# [WORK ITEM]
Locate the line that contains "Copyright © 2007" in the data that follows. Copy it and every subsequent line to the end, exactly, excluding pictures.

____ DATASET EXTRACT

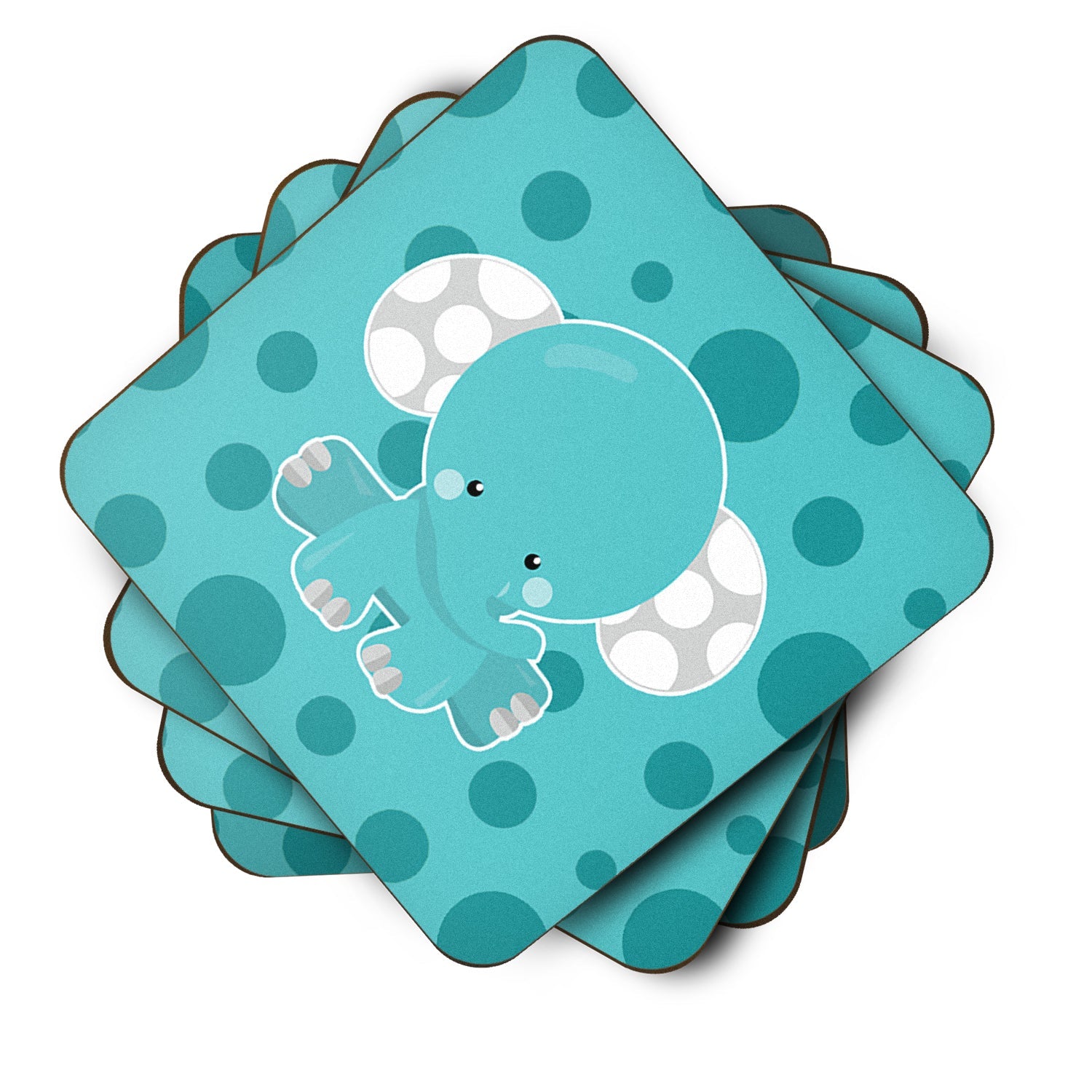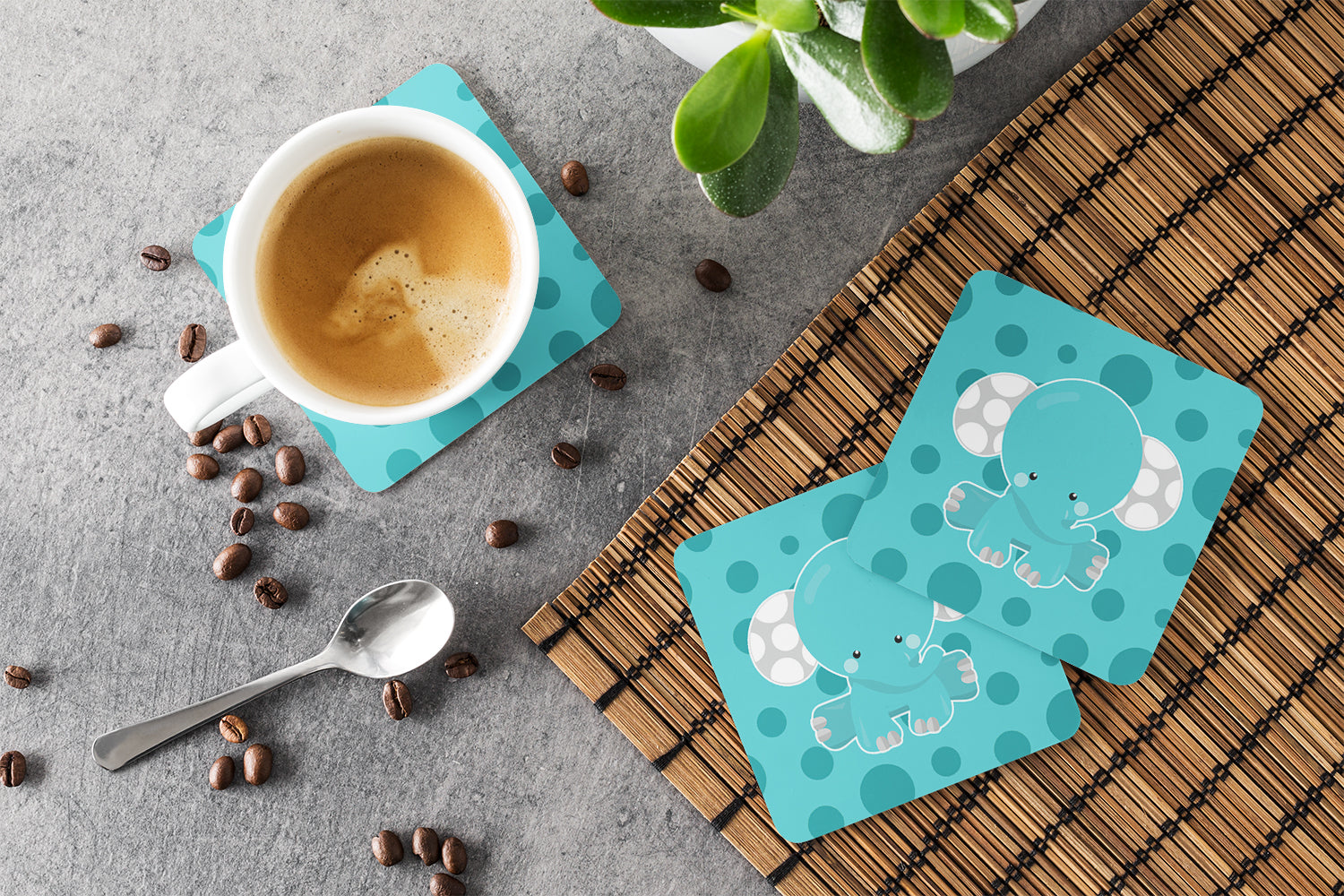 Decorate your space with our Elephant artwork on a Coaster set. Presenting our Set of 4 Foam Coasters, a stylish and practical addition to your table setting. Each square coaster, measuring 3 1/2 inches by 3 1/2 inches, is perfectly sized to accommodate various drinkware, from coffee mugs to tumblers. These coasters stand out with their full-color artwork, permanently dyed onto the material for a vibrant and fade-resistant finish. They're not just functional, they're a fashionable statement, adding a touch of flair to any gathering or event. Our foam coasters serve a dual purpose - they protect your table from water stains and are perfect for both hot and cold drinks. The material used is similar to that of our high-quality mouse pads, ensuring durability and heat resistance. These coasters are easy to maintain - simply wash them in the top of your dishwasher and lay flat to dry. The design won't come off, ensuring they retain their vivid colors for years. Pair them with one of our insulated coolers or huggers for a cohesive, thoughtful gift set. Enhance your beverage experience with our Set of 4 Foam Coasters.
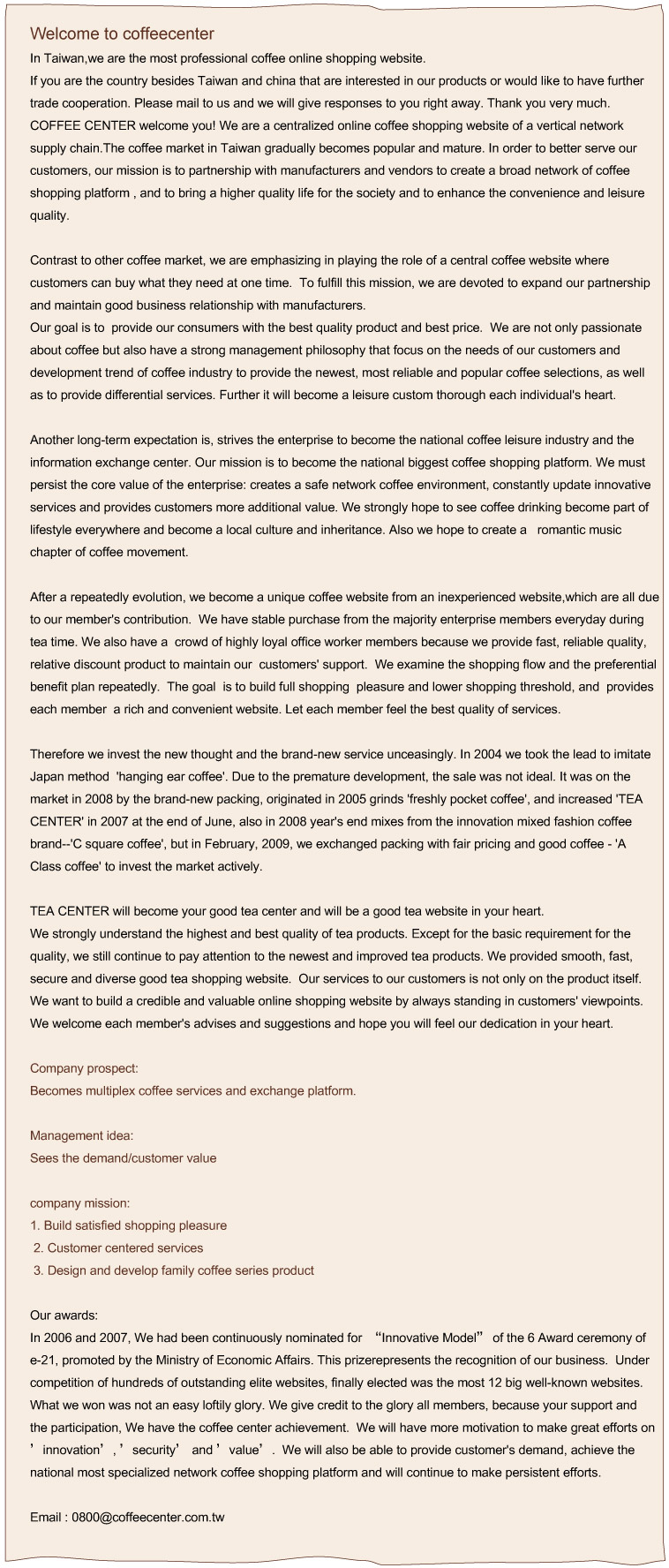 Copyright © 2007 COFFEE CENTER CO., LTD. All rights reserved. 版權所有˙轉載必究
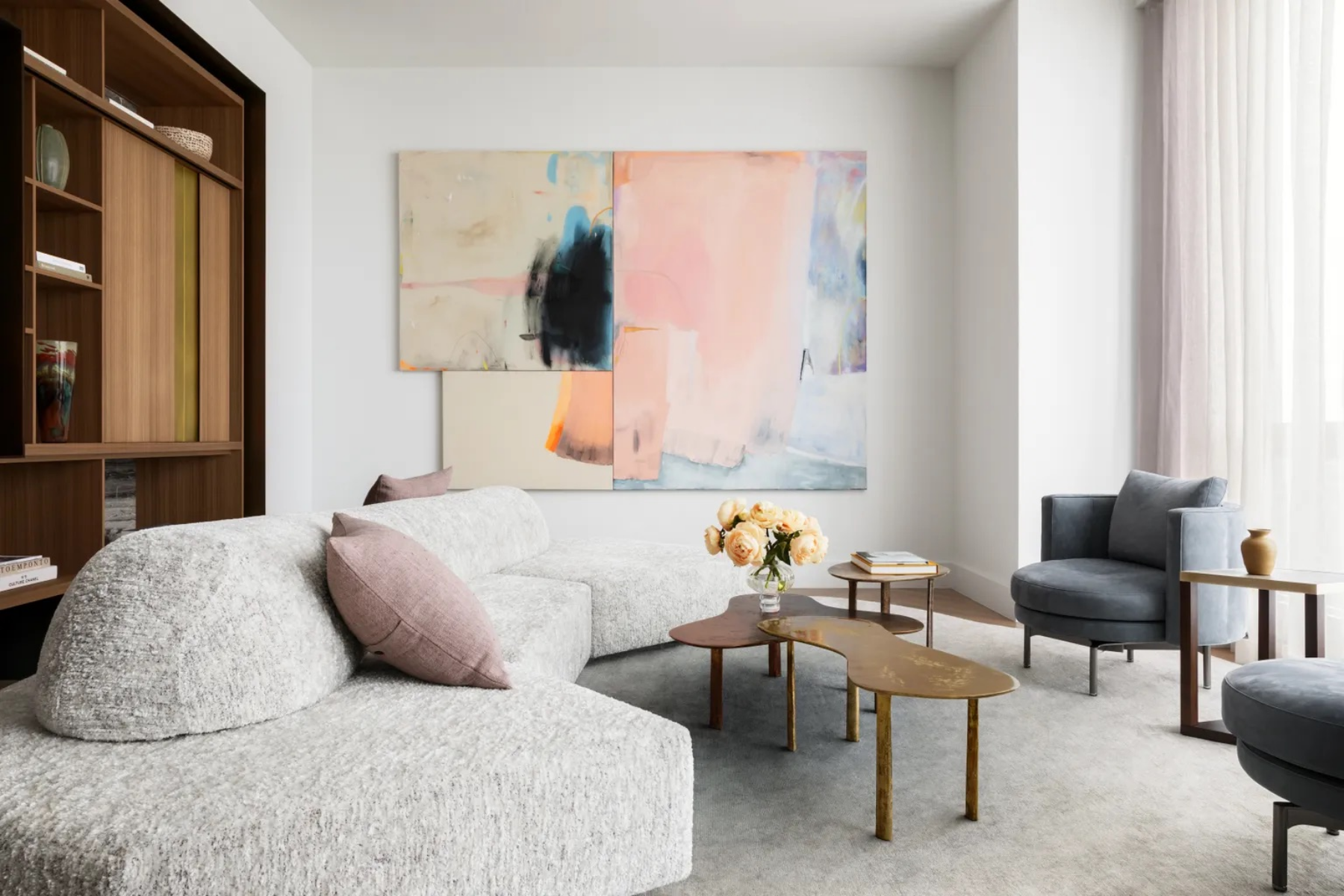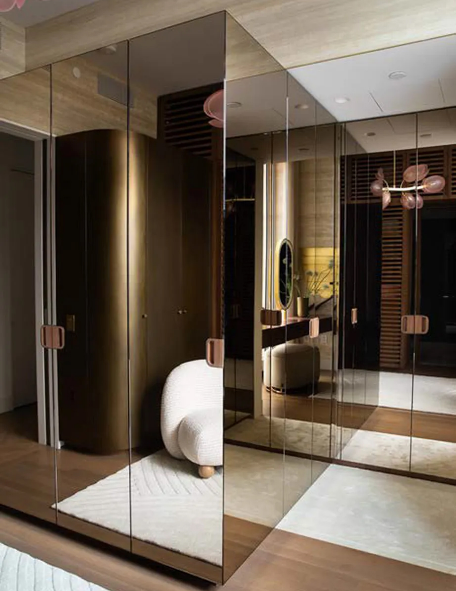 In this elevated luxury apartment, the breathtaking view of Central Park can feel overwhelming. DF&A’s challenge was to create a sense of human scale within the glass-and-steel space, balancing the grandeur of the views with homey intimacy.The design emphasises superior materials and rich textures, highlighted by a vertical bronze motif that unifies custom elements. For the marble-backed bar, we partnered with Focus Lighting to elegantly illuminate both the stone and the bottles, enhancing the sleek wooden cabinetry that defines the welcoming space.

________

# [SOLUTION]
 Copyright © 2007 COFFEE CENTER CO., LTD. All rights reserved. 版權所有˙轉載必究
 In this elevated luxury apartment, the breathtaking view of Central Park can feel overwhelming. DF&A’s challenge was to create a sense of human scale within the glass-and-steel space, balancing the grandeur of the views with homey intimacy.The design emphasises superior materials and rich textures, highlighted by a vertical bronze motif that unifies custom elements. For the marble-backed bar, we partnered with Focus Lighting to elegantly illuminate both the stone and the bottles, enhancing the sleek wooden cabinetry that defines the welcoming space.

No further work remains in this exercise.